Maragogype: the elephant bean, a coffee-growing curiosity

Le Maragogype : le grain éléphant, une curiosité de la caféiculture

Single Origin Coffees

Among our selection of coffees, Maragogype holds a special place. Its beans are instantly recognizable: two to three times larger than those of a classic Arabica, so unusually sized that it's nicknamed the "elephant bean." But this coffee stands out not only for its morphology. It has its own unique character, a singular way of expressing its terroir, which deserves attention.


What is Maragogype?

Maragogype is a natural mutation of Typica, one of the oldest Arabica varieties. This mutation was first observed in Brazil, in the Maragogipe region, in the 19th century. It is characterized by larger plants, wider leaves, and beans whose size exceeds anything usually found in the world of coffee.

This unusual size has consequences for cultivation. Maragogype produces fewer cherries per plant than standard varieties, making its cultivation less profitable for the producer and contributing to its rarity on the market. Maragogype is not planted for convenience: it is planted out of passion for a variety that is unlike any other.


Why Nicaragua?

Our Maragogype comes from the Jinotega region of Nicaragua, at an altitude of over 1,300 meters.
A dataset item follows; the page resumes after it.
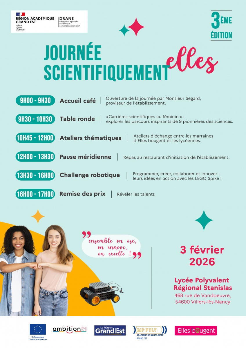 La délégation Régionale Elles Bougent et la DRANE (Délégation de région académique au numérique éducatif) ont le plaisir de vous inviter à donner votre témoignage le 03 février 2026 au Lycée polyvalent régional Stanislas de Villers-Lès-Nancy.

This region is one of the most renowned in the country for the quality of its coffees: volcanic soils rich in minerals, a regular tropical climate, and a sufficient thermal amplitude to slow down the maturation of the cherries and concentrate the aromas.

The beans are wet-processed, what professionals call the washed process: the pulp is removed before drying, which produces a coffee with a more precise, cleaner profile, where the purity of the origin is expressed without interference. This method is more demanding and more expensive than natural drying, but it matches the standard of excellence we expect from our suppliers.
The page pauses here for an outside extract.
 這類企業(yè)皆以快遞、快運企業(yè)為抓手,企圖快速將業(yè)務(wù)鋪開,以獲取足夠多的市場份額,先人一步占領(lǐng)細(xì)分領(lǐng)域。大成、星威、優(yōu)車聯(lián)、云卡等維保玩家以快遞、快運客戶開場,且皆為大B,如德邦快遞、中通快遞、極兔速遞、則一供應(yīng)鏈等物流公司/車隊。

How Bean Size Influences Roasting

The exceptional size of the Maragogype bean alters the coffee's behavior in the drum of our roasting facility on rue de Montpensier. A larger bean requires more time for heat to reach its core. Roasting must be adjusted accordingly: slightly longer, with a more gradual increase in temperature.

As always, we practice "Robe de Moine" (monk's robe) roasting, a method inherited from French tradition that seeks a balance between revealing aromas and preserving the bean's structure. For Maragogype, this approach produces a naturally soft coffee, without aggressive bitterness, and with a beautiful, lingering finish.


What's in the Cup

The profile of Jinotega Maragogype is aromatically generous without being ostentatious. It offers notes of citrus, cinnamon, a touch of honey and tangerine, with a round body and a pleasant length. The acidity is present but integrated, never sour in the unpleasant sense of the word.

This coffee is particularly well suited for a French press or filter coffee maker, extraction methods that allow it time to fully develop its aromas without forcing them. Espresso also works for those who appreciate a coffee with character and a short, concentrated extraction.


A Variety to Discover for Curious Enthusiasts

Maragogype is not the most well-known coffee in our selection. This is precisely what makes it an interesting choice for enthusiasts who want to venture beyond more common origins. It offers a distinct tasting experience, based on a rare botanical variety and a precise terroir, two criteria that have guided all our selections since Pierre Verlet was the first to offer single-origin coffees in France in the 1960s.